• [RECORD EXTRACTS]
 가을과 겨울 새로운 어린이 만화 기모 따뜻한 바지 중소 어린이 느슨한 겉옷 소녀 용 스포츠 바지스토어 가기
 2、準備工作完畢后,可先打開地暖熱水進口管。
...
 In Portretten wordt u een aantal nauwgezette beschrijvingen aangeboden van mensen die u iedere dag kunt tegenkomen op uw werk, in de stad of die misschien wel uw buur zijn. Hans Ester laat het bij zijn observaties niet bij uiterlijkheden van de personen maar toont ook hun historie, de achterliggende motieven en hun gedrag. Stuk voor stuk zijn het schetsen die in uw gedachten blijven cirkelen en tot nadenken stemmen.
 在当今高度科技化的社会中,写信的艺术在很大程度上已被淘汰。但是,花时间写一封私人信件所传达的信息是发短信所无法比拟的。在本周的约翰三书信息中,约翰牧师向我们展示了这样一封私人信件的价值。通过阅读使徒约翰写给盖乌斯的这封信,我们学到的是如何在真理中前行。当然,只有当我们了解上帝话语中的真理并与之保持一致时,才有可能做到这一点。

• [TRY IT] Please output exactly the lines between the one holding "가을과 겨울 새로운 어린이" and the one holding "2、準備工作完畢后,可先打開地暖熱水進口管。" in the records above, inclusive, and nothing more.

• [ANSWER AREA]
 가을과 겨울 새로운 어린이 만화 기모 따뜻한 바지 중소 어린이 느슨한 겉옷 소녀 용 스포츠 바지스토어 가기
 2、準備工作完畢后,可先打開地暖熱水進口管。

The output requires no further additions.